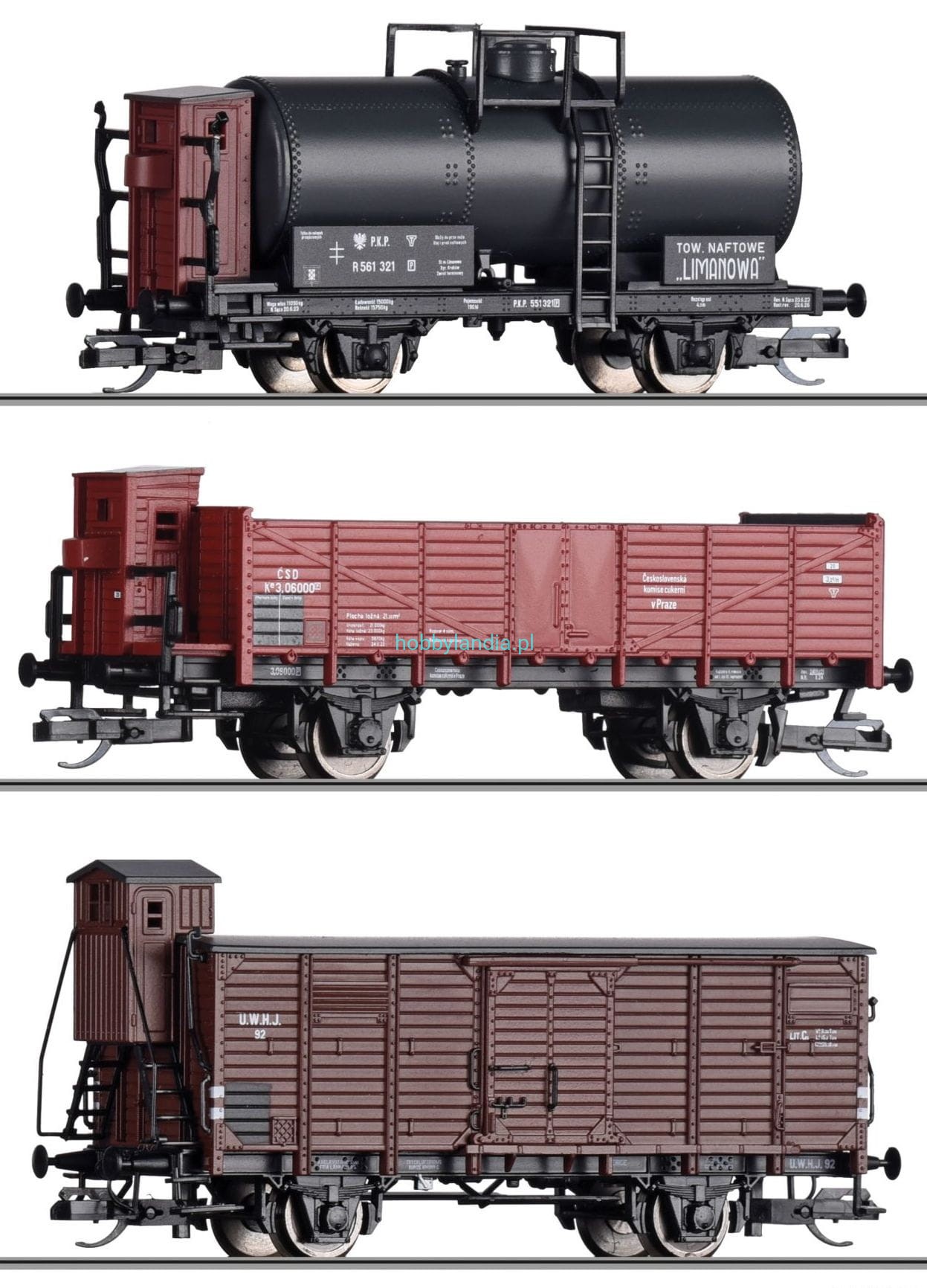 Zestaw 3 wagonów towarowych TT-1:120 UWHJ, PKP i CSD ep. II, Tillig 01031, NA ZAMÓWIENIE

---

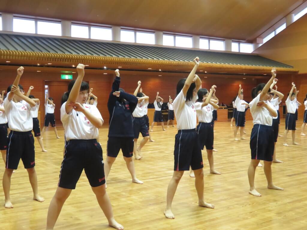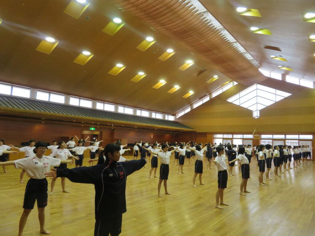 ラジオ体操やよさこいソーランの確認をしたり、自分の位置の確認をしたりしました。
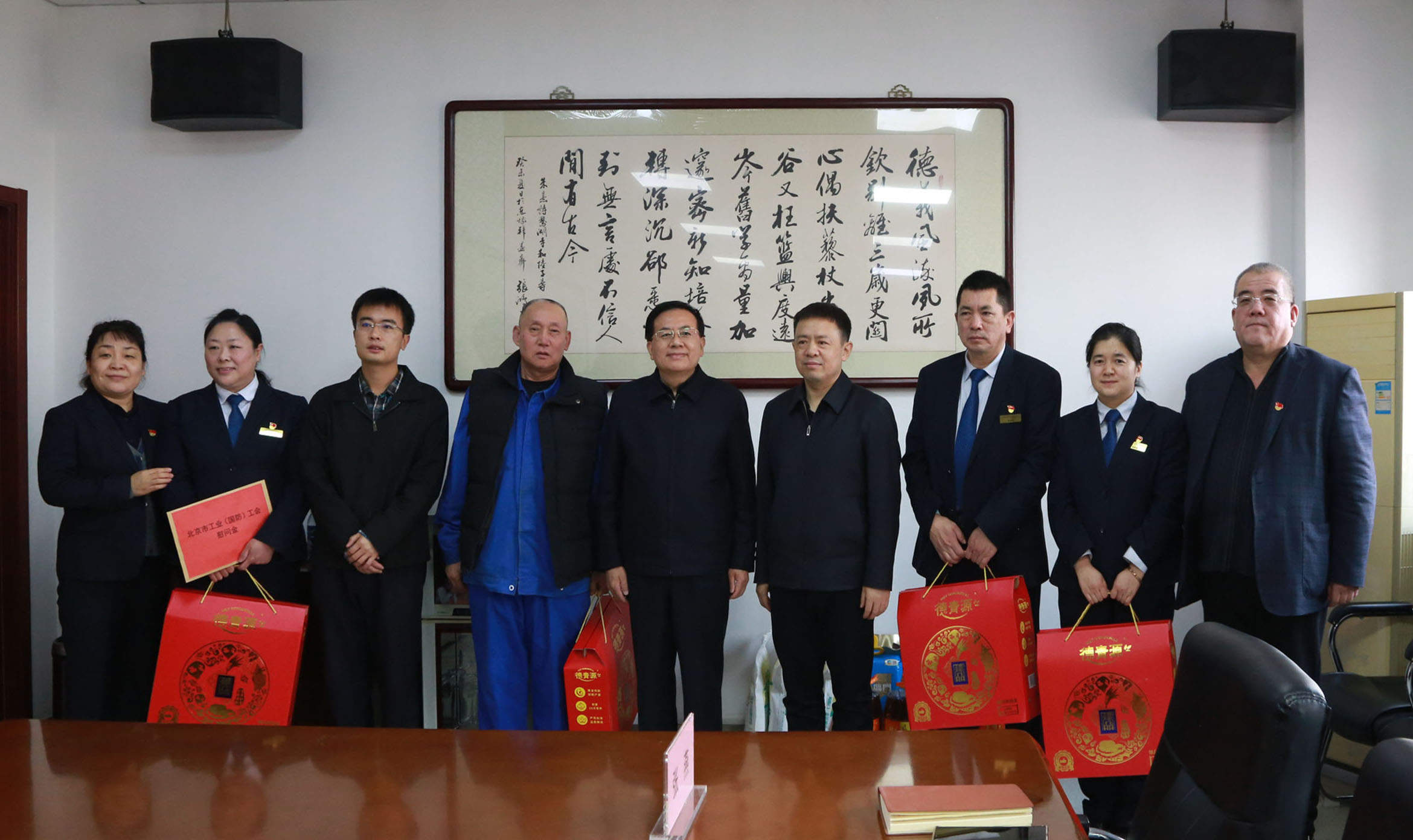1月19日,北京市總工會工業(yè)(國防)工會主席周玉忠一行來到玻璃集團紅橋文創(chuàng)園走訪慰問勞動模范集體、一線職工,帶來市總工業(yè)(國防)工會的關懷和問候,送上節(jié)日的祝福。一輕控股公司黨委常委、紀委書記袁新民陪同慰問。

■ Work task:
Lines wanted from the entries above: the one with "ラジオ体操やよさこいソーランの確認をしたり、自分の位置の確認をしたりしました。", the one with "1月19日,北京市總工會工業", and all lines between. Please copy them exactly, without the pictures and without anything else.

■ Task response:
 ラジオ体操やよさこいソーランの確認をしたり、自分の位置の確認をしたりしました。
1月19日,北京市總工會工業(yè)(國防)工會主席周玉忠一行來到玻璃集團紅橋文創(chuàng)園走訪慰問勞動模范集體、一線職工,帶來市總工業(yè)(國防)工會的關懷和問候,送上節(jié)日的祝福。一輕控股公司黨委常委、紀委書記袁新民陪同慰問。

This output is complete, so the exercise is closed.